THE TYRANNY DOCTRINE
By Danielle Pletka & Michael Rubin
At his second inauguration, U.S. President George W. Bush declared:
Since that soaring pronouncement, the Bush administration has watched Egypt abrogate elections, ignored the collapse of the socalled Cedar Revolution in Lebanon, and abandoned imprisoned Chinese dissidents; now Washington is mulling a peace treaty with Stalinist North Korea.
The rhetoric of constitutional democracy, it turns out, comes more easily than its implementation. Washington worries that Egypt will bow out of the fight against Al-Qa'ida, if the U.S.A. presses for reform. It worries that China will bar investment, if Bush presses for the release of political prisoners. Are these fears realistic? No. These countries still have interests that parallel ours. But that won't be clear, unless the U.S. President forces the tyrants to make a choice: reform or face isolation.
The case of Fathi El Jahmi, Libya's foremost liberty and democracy activist, is among the most poignant. When El Jahmi was briefly furloughed from prison in 2004, Bush hailed his release as a sign of change in Libyan strongman Moammar Kadafi. But El Jahmi's freedom lasted just two weeks, and his name hasn't passed the President's lips again. Rice's announcement welcoming Libya back into the fold of civilized nations mentioned neither constitutional democracy nor El Jahmi.
In Egypt, where only last year Rice made herself a heroine to reformers by demanding competitive elections, the government has accelerated repression. It has imprisoned Ayman Nour, the leading opposition leader, on spurious charges. Where once the Bush administration threatened to withhold aid and won the release of a prominent liberty and democracy advocate, it is now silent. In early May, 2006, Egyptian police rounded up hundreds of demonstrators rallying in support of two judges who said that parliamentary elections were rigged.

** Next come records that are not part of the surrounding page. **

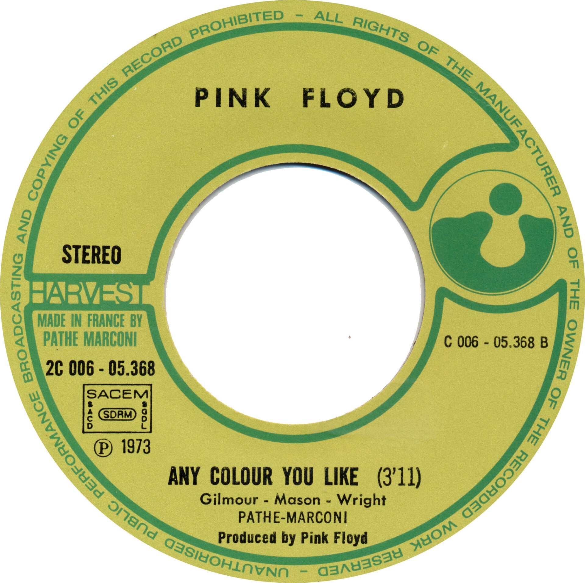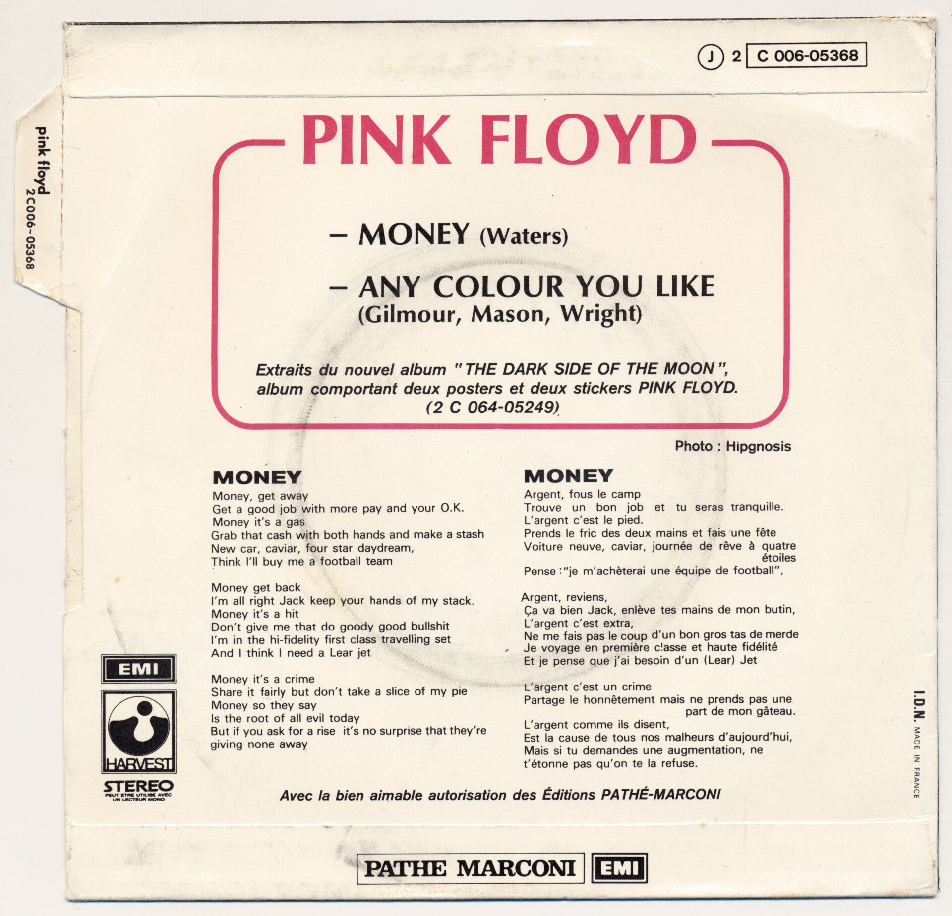 [9224] France Harvest 1973 2-track 7inch in picture sleeve. Clean copy with languette intact. Includes: Money / Any Colour You Like. 2C 006-05368. VG+/VG+.
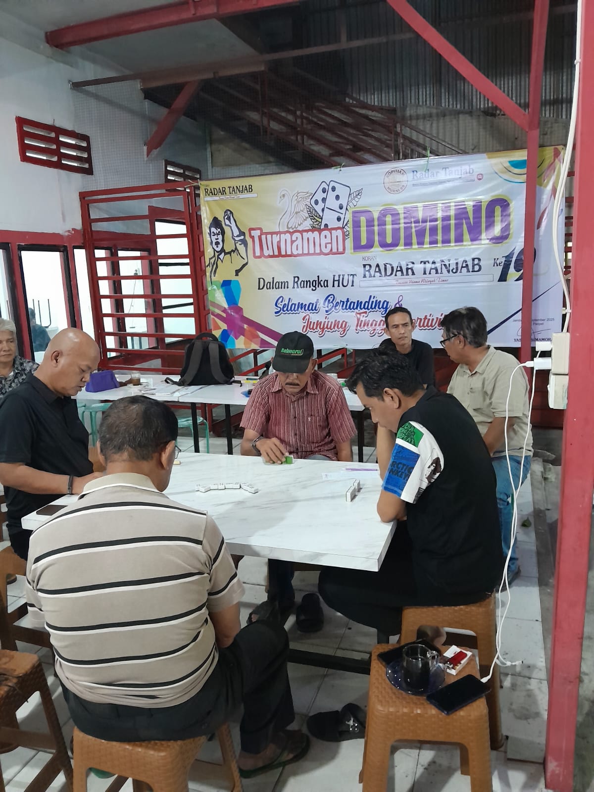 Kegiatan turnamen domino ini dilaksanakan di Murni Kota Jambi, Tepatnya Di Kopi Tiam Murni 99.
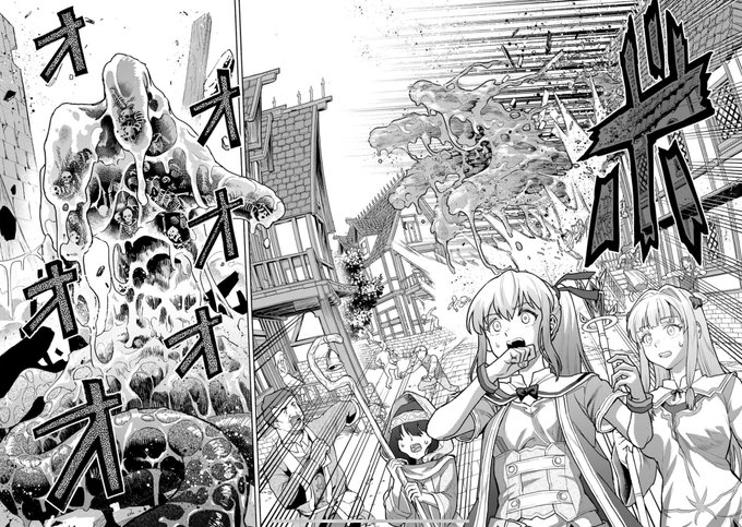 「穢れた血だと追放された魔力無限の精霊魔術士」 最新の14話後編が更新されました! comic-boost.com/content/010400… 訪れた宿場町を襲う巨大なスライム型のモンスター!町中大パニックの中、リアナたちは…!? 14話前編も無料で読めますので合わせてお楽しみください!
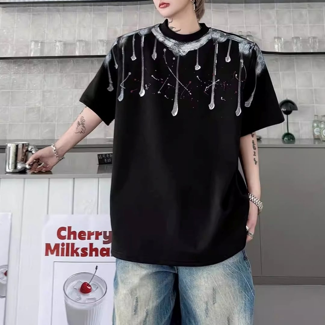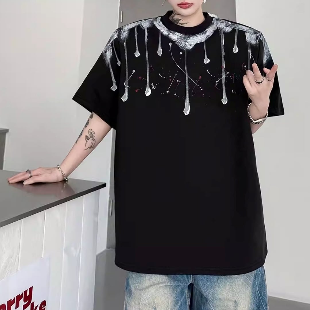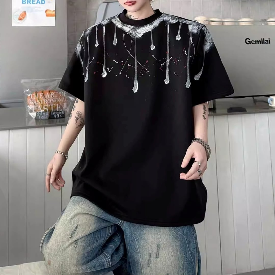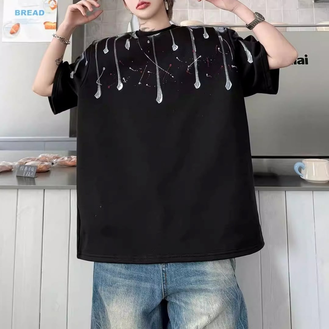 ドリップペイントグラフィック オーバーサイズTシャツ 2カラー D12277
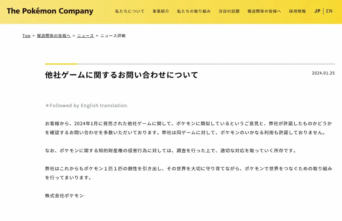日本語と英語で掲載。「お客様から、2024年1月に発売された他社ゲームに関して、ポケモンに類似しているというご意見と、弊社が許諾したものかどうかを確認するお問い合わせを多数いただいております」とした上で「弊社は同ゲームに対して、ポケモンのいかなる利用も許諾しておりません」と記した。
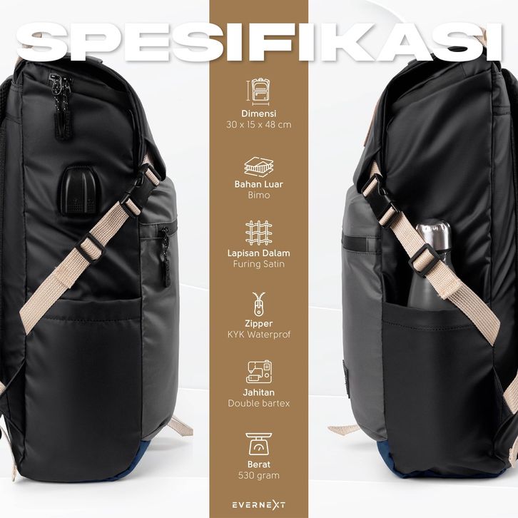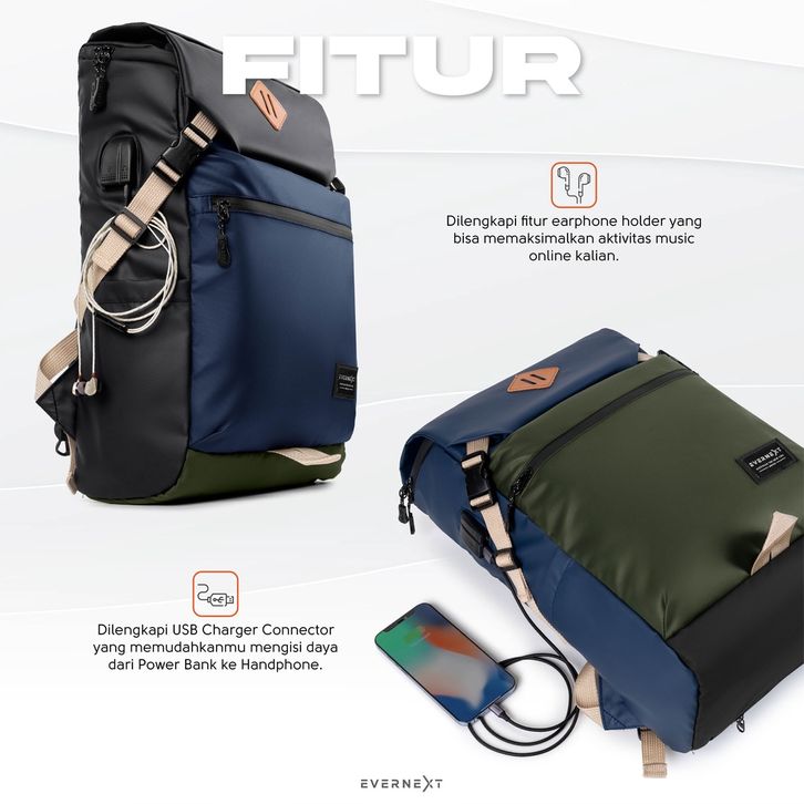 Evernext - Tas Ransel Laptop Pria Waterproof Tas Punggung Pria Backpack Rush Pria Tas Outdoor Pria Anti Air

Yet Washington does not seek to reduce Egypt's $1.8 billion in annual aid. Instead, this month it hosted President Hosni Mubarak's son (and anointed successor).
Pressure for changes also has lessened in Syria and Lebanon. In March, 2005, in the wake of the assassination of former Prime Minister Rafik Hariri, the Lebanese people rose up to demand democracy and reform. The Bush administration cheered, but it soon lost interest. A July, 2005, visit to Beirut by Rice, replete with the "obligatory" meeting with the puppet Lebanese President installed by Syria, sowed doubt about the U.S. commitment to Lebanese independence. Washington's blunders have ensured that a Syrian stooge will likely govern Lebanon for another year.
The same devotion to form over substance has been apparent in our China policy. Before his 2005 visit, Bush asked for the release of several political prisoners, including a New York Times researcher, Zhao Yan. The Chinese government ignored the request. The same polite query went to Beijing before President Hu Jintao's April, 2006, visit to Washington. This time, Zhao was released, only to be indicted again once Hu's world tour was complete. Signs of White House displeasure? Not one.
Is it possible that the Bush administration is questioning the wisdom of promoting constitutional democracy as a longterm solution to U.S. national security woes? Foreign policy "realists" suggest that the President has finally woken up and smelled the coffee. They say democracy gave us an Islamist government in Iraq and Hamas in Palestine. It could give us the Muslim Brotherhood in Egypt. Heaven knows what it would spawn in China or Libya. Better the devil you know.
But there is no sign the White House has done any strategic rethinking. The President continues to believe his own preaching, but his administration has become incapable of making the hard choices those beliefs require. Instead, it has been quick to embrace the showy, if transitory, political advantages that come from welcoming Kadafi into the family of nations and China's President on a tour of Boeing.
The many foreign dissidents and reformers who took Bush at his word are the first to pay the price for Washington's lack of backbone. They were told that, if they took risks for freedom, the U.S.A. would stand with them. Letting them down will make it all the more difficult to find constitutional democratic allies. Brave individuals are the real building blocks for transitions to constitutional democracy. Without them, as we have learned in Iraq, there are few alternatives to the tyranny that threatens us all.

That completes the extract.